From Mission Field to Mission Force
The Association grew in its ministries with the churches. Seminary Extension became an important training program for local ministers. Miss Anna Mae worked with the Association missionaries to strengthen Vacation Bible Schools and missions awareness in the churches. Rev. Dawley Maynor, a local Lumbee, came to Burnt Swamp Association in 1958 and led the Association as its missionary for ten years. He enjoyed good relationships with Baptist State Convention leaders and strengthened Burnt Swamp Association’s ties with the Baptist State Convention. Supported greatly by Home Mission Board funding, Rev. Tony Brewington assumed leadership as Director of Missions upon Rev. Dawley Maynor’s departure. Rev. Brewington was seminary educated, visionary and energetic.
Having no central office location, he led the Burnt Swamp churches to construct a modern Association office building in 1974. The Association’s involvement in missions outreach beyond itself concentrated on Indian reservations in the west. Rev. Brewington introduced the Association to mission projects in Oklahoma, Mississippi, New Mexico and South Dakota. He maintained a Seminary Extension curriculum for ministers and provided church leader training for deacons and other church leaders.

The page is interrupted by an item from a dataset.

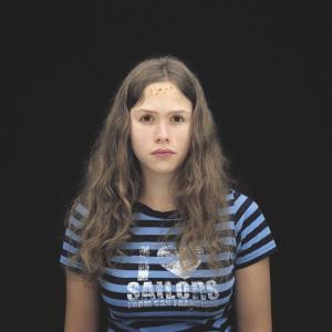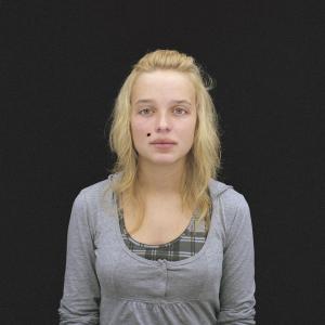 [...] Croyants sans le savoir ? Warning, c’est l’avertissement, l’alarme, des feux de détresse… Global Warning*, si proche du Global Warming, le danger qui guette. Pour Patrick van Roy ce pourrait être ‘un bonheur à court terme, paradisiaque et dévastateur’, ‘une nouvelle religion dont les églises seraient au milieu du salon et dont les apôtres, tels des barbies parfaitement impersonnelles, trôneraient sur l’étagère de notre enfance.’ Enseignant à l’INRACI à Bruxelles, Patrick van Roy a fait poser ses élèves de 2006 à 2009. Un important travail avec Photoshop a été réalisé pour mêler à chaque fois les traits d’une fille à ceux de trois garçons et fabriquer ainsi une galerie de visages qui n’existent pas. Patrick van Roy : ‘C’est personne, des filles idéales comme le serait la poupée Barbie, le jouet pour lequel on a le moins de respect car il est remplaçable : un objet basique et bête auquel on coupe les cheveux ; une beauté désincarnée et froide.’ La frontalité est forte et pourtant les yeux ne nous regardent pas. Ils sont sans reflet et paraissent du coup si vides, comme figés pour l’éternité. Et chacun de porter sa douleur, son stigmate de sang coagulé : ‘de ces blessures qu’on inflige aux ados et qu’ils s’infligent à eux-mêmes, mais ne saignent pas, comme s’il s’agissait de fascinants et attirants cadavres’[...]

During his years, some churches began to provide their pastors with full time support. That number has never exceeded more than twenty percent of the churches. He devoted part of his time to promoting missions on behalf of the Home Mission Board as well. His seventeen years of leadership brought growth in the churches’ understanding of mission involvement and mission support. He also prepared the Association for its next step of development in its organization life. Burnt Swamp Association had to become self-supporting, responsible for fully funding its staff and ministries. Ethnic pride was an obvious theme running throughout the Association’s history and the Association prepared to prove to Southern Baptists that the years of Home Mission Board support was not in vain.

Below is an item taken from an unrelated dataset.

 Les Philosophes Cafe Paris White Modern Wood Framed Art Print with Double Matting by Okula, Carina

The perception of Burnt Swamp Association as the mission field for Southern Baptists was changing. They were destined to become full partners as a missionary force in evangelism and missions of the denomination.
A MISSIONARY FORCE
Understanding of the partnership between Burnt Swamp Association churches and the larger Southern Baptist Convention improved. Rev. Cummings served as a Baptist State Convention of North Carolina leader when elected to serve as the Convention president in 1999, the first Indian ever elected to that office. Burnt Swamp Baptists saw themselves as full partners in the work of Southern Baptists as never before. The Southern Baptist denomination reflects a growing diversity of racial and ethnic people in America, and so does Burnt Swamp Association. Indian communities are growing in eastern North Carolina but the neighborhoods also include people of other backgrounds. Indian churches are not nearly as homogeneous as merely twenty-five years ago. Indigenous leaders in Burnt Swamp churches, both lay and clergy continue to oversee the life of the congregations. Two pastors among the seventy are Anglo.

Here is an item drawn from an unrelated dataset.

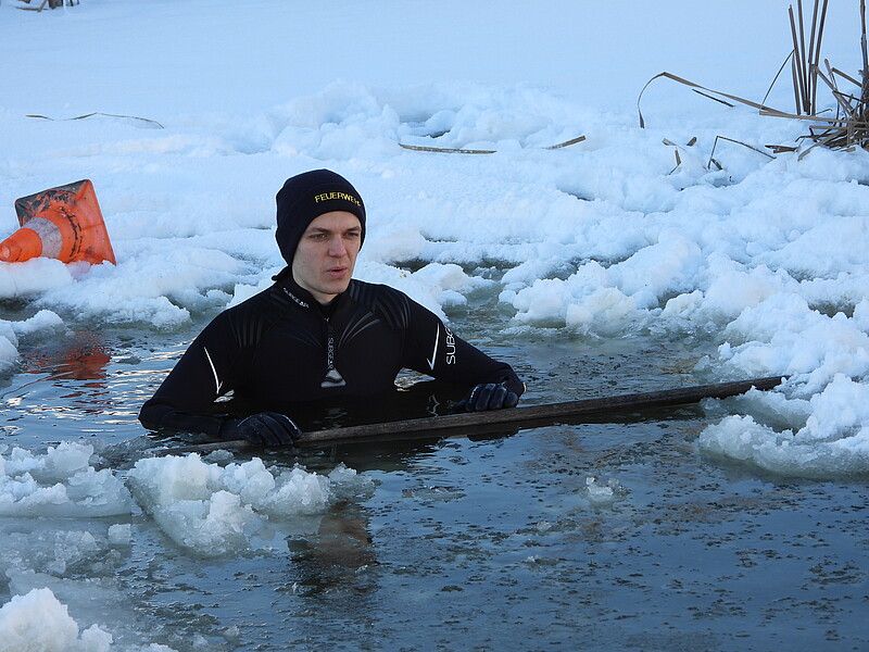 Ziel war es, die Rettung einer ins Eis eingebrochenen Person unter realistischen Bedingungen am Löschteich zu trainieren. Die tiefen Temperaturen boten ideale Voraussetzungen, um die Vorgehensweise und den Umgang mit der Ausrüstung zu üben.

The neighboring Robeson Association (White) now has two pastors that are Indians originally from Burnt Swamp Association background. After nearly one hundred and thirty years as a fellowship of Indian Baptist churches, Burnt Swamp Association may hold distinction as the oldest organization of Baptist churches for Indians. The Association struggled to organize but grew as an organization exclusively for Indian churches and Indian people. It grows more apparent that while a uniform "Indian only" experience portrays the past, growing multicultural diversity lies in the future for Burnt Swamp Association churches.
Rev. Mike Cummings
Rev. Mike Cummings accepted the call to the Association as Missions Director in 1988, a position fully funded by the Association churches apart from any Home Mission Board support. His wife had been employed by the Association as office secretary for ten years prior to his coming. Additional staff during the 1990’s assisted with Christian community ministries and church development. He continued to build upon the Association’s commitment to mission work among Indian reservation communities in the mid-west and western United States. Mission teams from the churches multiplied. An increasing number of ministers from the Association churches sought seminary training. Churches’ involvement in the affairs of the Baptist State Convention increased.